Schumer’s Machiavellian filibuster gambit

In chess, a gambit is an opening maneuver intended to draw one's opponent into a position where he can be taken advantage of.  Sometimes a gambit involves the sacrifice of a piece, often a pawn, to entice the opponent.

On Thursday, Senate minority leader Chuck Schumer (D-N.Y.) announced that his caucus would filibuster the confirmation of President Trump's nominee for the Supreme Court, Judge Neil Gorsuch.  Under current Senate rules, Republicans would be unable to stop the filibuster unless eight Democrats cross party lines and provide 60 votes for cloture.

Schumer appears confident that that will not happen.

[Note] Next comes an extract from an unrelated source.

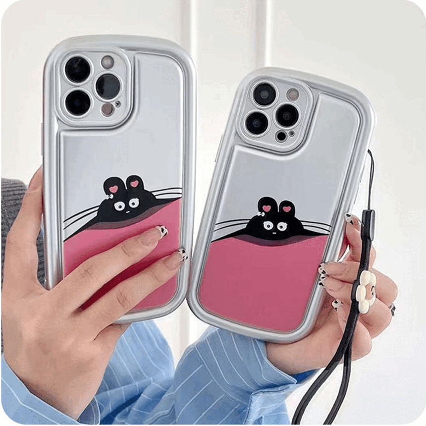 [무선충전/스트랩 포함] 아이폰 15/14/13 블랙 베어 아이폰 핸드폰 케이스 프로 플러스 프로맥스
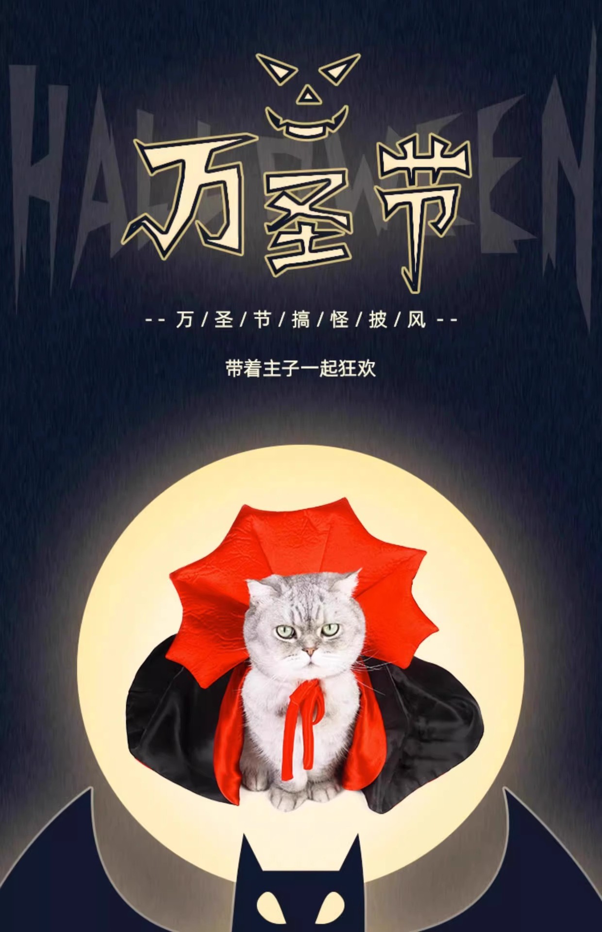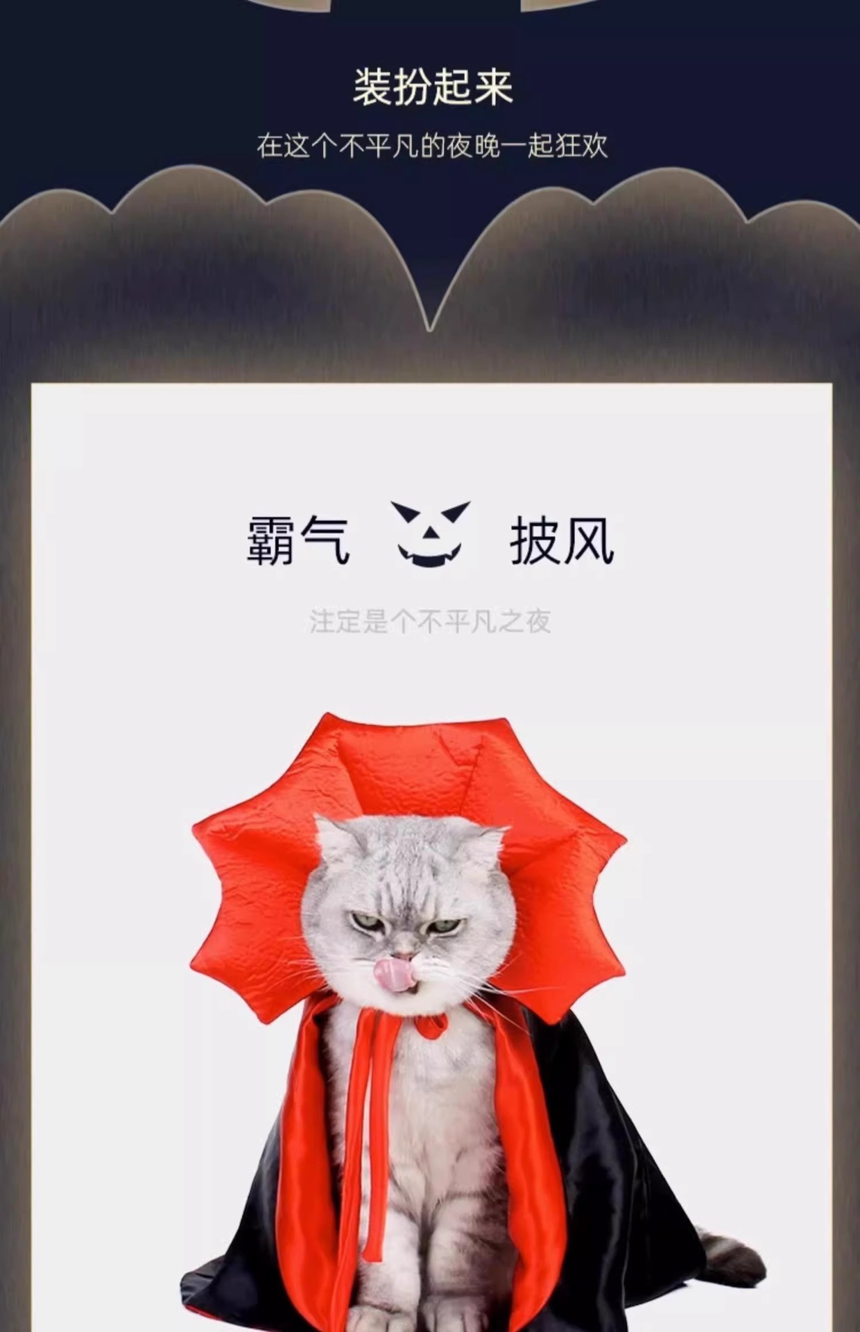 跨境宠物披风万圣节搞怪吸血鬼猫披风蝙蝠披风德古拉变身装狗披风

If the Republicans cannot stop the filibuster, it is likely that they will exercise the so-called "nuclear option" and change the Senate rules to allow the confirmation of Supreme Court nominees on a simple majority vote.  (Republicans will probably do this because Schumer's predecessor, the now retired Harry Reid, changed the rules to allow simple majority votes on Circuit Court and District Court nominees when Democrats previously controlled the Senate.)

And if the Republican change the rules, they'll be playing right into Schumer's hands.

A Gorsuch confirmation would merely restore the ideological balance of the Court to what it was before the death of Justice Scalia in February 2016 – a 4-4 split between liberal s and conservatives with Justice Anthony Kennedy providing the "swing" vote in a number of 5-4 decisions.  Schumer can live with that – after all, Kennedy sided with liberals in blockbuster cases like Lawrence v. Texas and Obergefell v. Hodges, declaring that anal intercourse and gay marriage are "constitutional rights."

While Gorsuch's confirmation wouldn't change much from a legal standpoint, if he is confirmed after a Republican rule change, Schumer can paint Gorsuch as a usurper.  Schumer's gambit is to force the hand of the Republicans to take the political heat for changing the Senate rules, accept the confirmation of Gorsuch as a sacrificial pawn, and then bet that Trump will either a) be impeached before the end of his term or b) lose his re-election bid in 2020, enabling a future Democratic president and a future Democratic Senate to ram three left-wing ideologues onto the court in rapid succession with simple majority votes.

Schumer is planning several moves ahead, for the death or resignation of Kennedy, age 80, and for the death or resignation of Bill Clinton's two reliably left-wing appointees, Ruth Ginsburg (age 84) and Stephen Breyer (age 78).  The replacement of these three aging justices will have a significant impact on the ideological makeup of the Court in the near future.

Schumer knows that history shows that Republicans (e.g., John McCain and Lindsey Graham) are more willing to cross party lines and vote for Democratic nominees than Democrats are to support Republican nominees.  And he also knows that Republican presidents have had a history of getting burned appointing justices they think will be strict constructionist conservatives, only to have those nominees  turn into flaming liberals on the bench (Earl Warren, Harry Blackmun, John Paul Stevens, and David Souter are prime examples).  So a rules change allowing simple majority votes on Supreme Court nominees would favor Democrats for the foreseeable future.

Schumer is an extremely slick, Machiavellian operator.  He's not stupid.  Republicans are going to need to learn how to play hardball with him.

The preferred strategy for Republicans is to break Schumer's power by putting extreme pressure on members of the Democrat minority to defect and confirm Gorsuch without changing the Senate rules.  They should change the rules if Trump has an opportunity to replace Kennedy, Ginsburg, or Breyer in the near future, when the stakes will be significantly higher.